(Provided data)

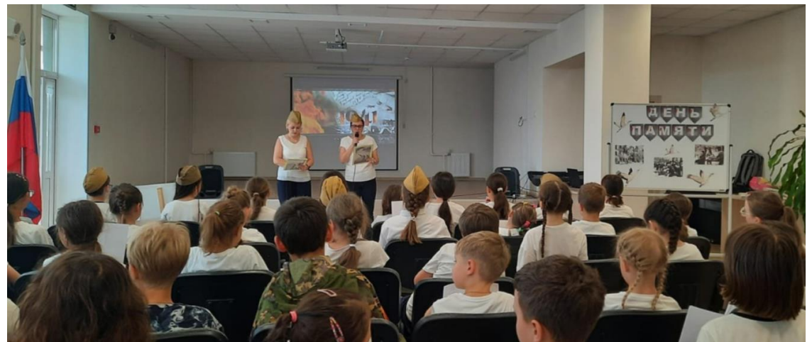
Митинг- линейка, посвященная Дню Памяти и скорби
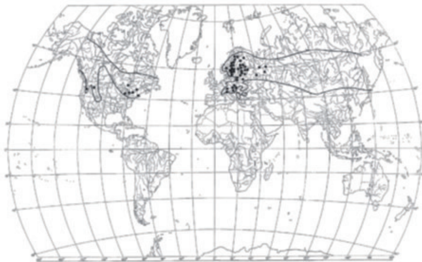
② Limatünniku levik maailmas (Nitare 2009)

Limatünnik kasvab vähese alustaimestikuga keskealistes ja vanades kuusikutes ning kuuse-segametsades, sageli veekogu lähedal happelistel niisketel liivakatel muldadel [6]. Rohtunud metsades leidub teda pigem harva. Sada aastat tagasi arvati, et limatünnik elab mükoriisaseenena sümbioosis kuusejuurtega [8, 15]. See ei ole õige, sest laboris kasvab ta puhaskultuuris tehissöötmel. Seetõttu on tegemist saprot-
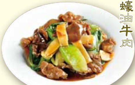
牛肉青菜オイスターソース炒め Stir-fried beef w/ oyster sauce 1280 税別
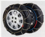
Schneeketten, 17 91 630/634, aus spezialgehärtetem Edelstahl, einfachste Montage mit Bügelverschluß, auch am festsitzenden Fahrzeug.
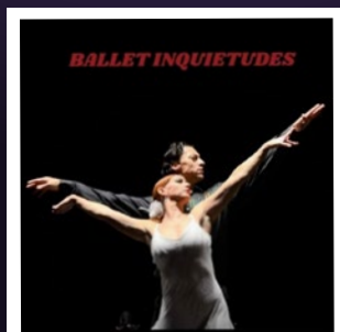
BALLET "INQUIETUDES" (Espectáculo musical)
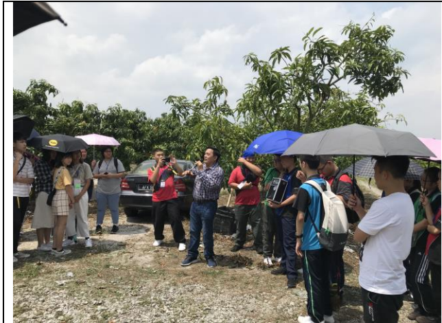
果園園主熱情接待
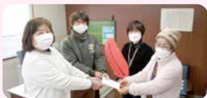
商工会青年部・女性部よりご寄付
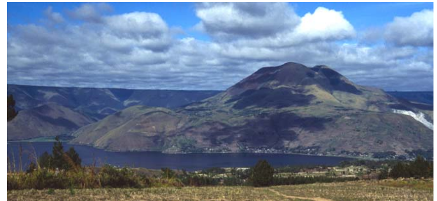
Der Berg - Wohnsitz der Göttin
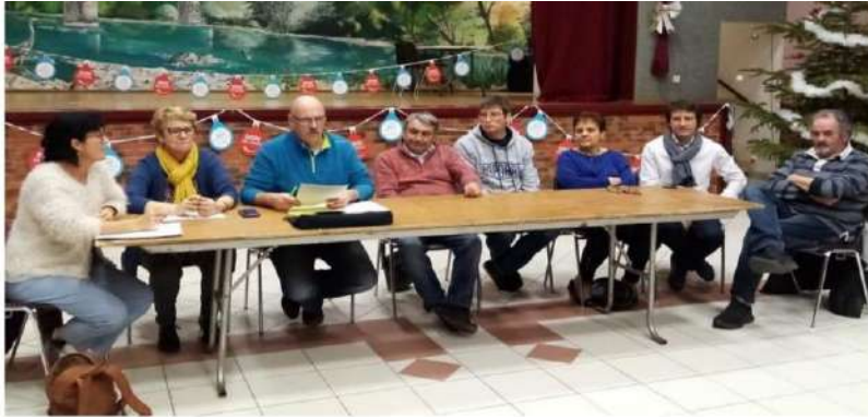
▲ Assemblée générale de l'association du Don de sang Azille. ●
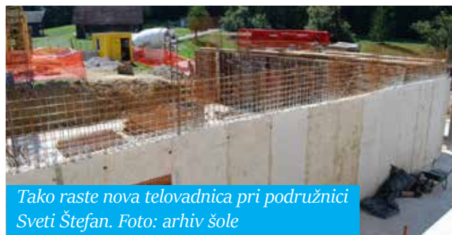
Tako raste nova telovadnica pri podružnici Sveti Štefan.
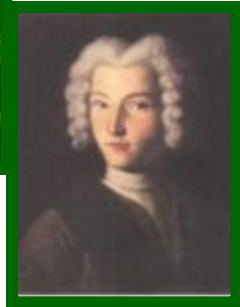
Петр II 1727-1730
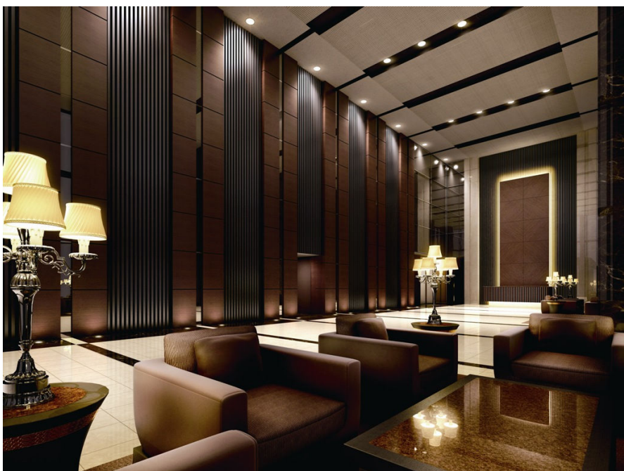
大ロビー完成予想CG

3層吹抜、約9mの天井高を誇る大ロビーには、天然石などの上質な素材を採用しました。インテリアにもこだわり、格調高い雰囲気を追求、ラグジュアリーホテルのロビーを思わせるデザインに仕上げしております。
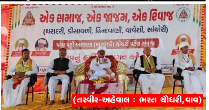
(તસ્વીર-અહેવાલ : ભરત ચૌધરી, વાવ)

(ગરવી તાકાત) વાવ તા. ૧૮ વાવ-થરાદ પંથકના મારવાડી ચૌધરી સમાજ દ્વારા સામાજિક એકતા અને સંસ્કારોને વધુ મજબૂત બનાવવા એક મહત્વપૂર્ણ અને દુરદેશી પગલું ભરવામાં આવ્યું છે. સમાજની વિશાળ બેઠક રાજેશ્વર ધામ, ચાગડા ખાતે યોજાઈ હતી, જેમાં "એક સમાજ - એક જાજમ - એક રિવાજ"ના સૂત્ર સાથે સમાજનું નવું બંધારણ તૈયાર કરી તેને આખરી ઓપ આપવામાં આવી હતી.
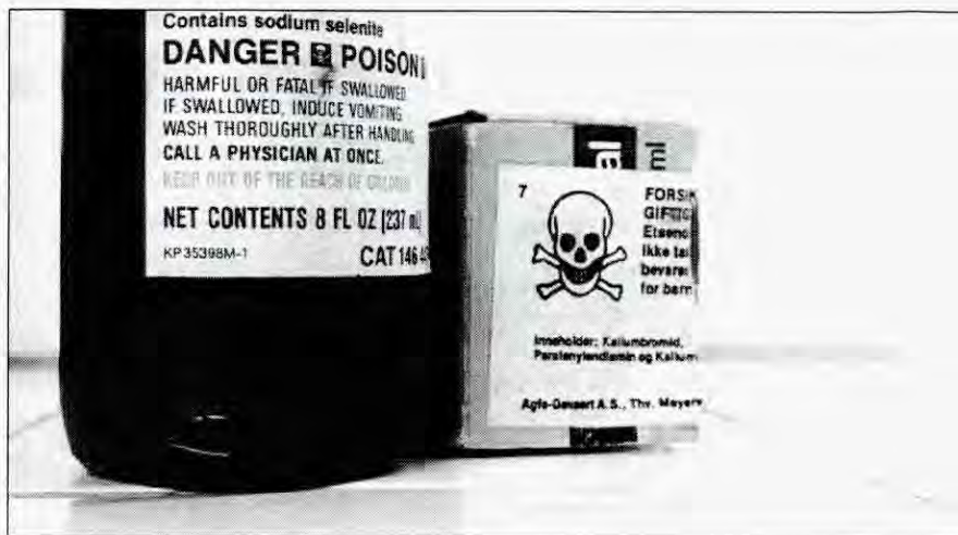
Borgerskapets gift Foto:Sigurd.

Hva dette vil si har regjeringa vist ganske tydelig i sin iver etter å sende tilbake
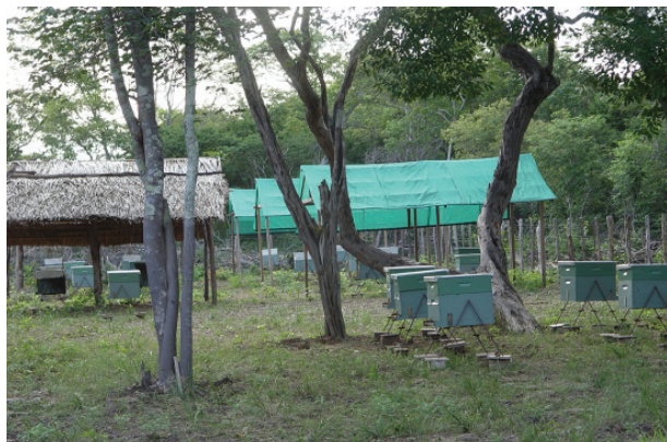
Figura 1. Colmeias instaladas sob coberturas artificiais de palha e tela e sob a copa de árvores (Castelo do Piauí, PI, 2004).
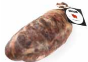
Buristo BR001 Kg. 2
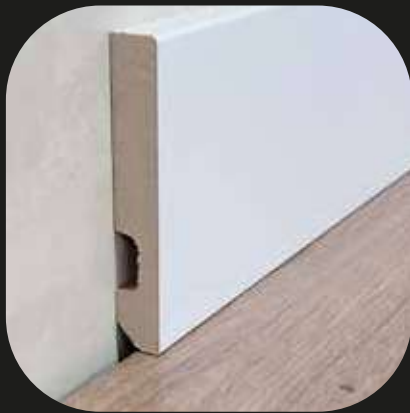
Rodapié blanco Base MDF - lacado blanco - laminado blanco
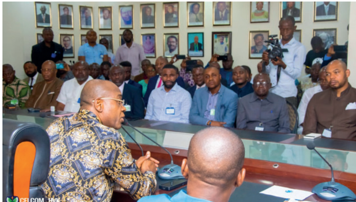
Le gouverneur Gentiny Ngobila lançant la plateforme numérique

Le gouverneur de la ville-province de Kinshasa, Gentiny Ngobila mbaka, a présidé, le 13 mai, dans la salle polyvalente de l'Hôtel de ville, la cérémonie de présentation et de lancement de la plateforme de mobilisation et maximisation des recettes de la ville afin d'assainir les finances.
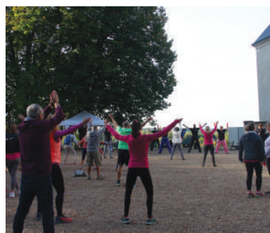
Fight Club 37

(End Provided data)

__What to produce__: No pictures belong in the output. Restate word for word only the lines from the one containing "Le gouverneur de" to the end of the entries above.

__Exercise response__:
Le gouverneur de la ville-province de Kinshasa, Gentiny Ngobila mbaka, a présidé, le 13 mai, dans la salle polyvalente de l'Hôtel de ville, la cérémonie de présentation et de lancement de la plateforme de mobilisation et maximisation des recettes de la ville afin d'assainir les finances.
Fight Club 37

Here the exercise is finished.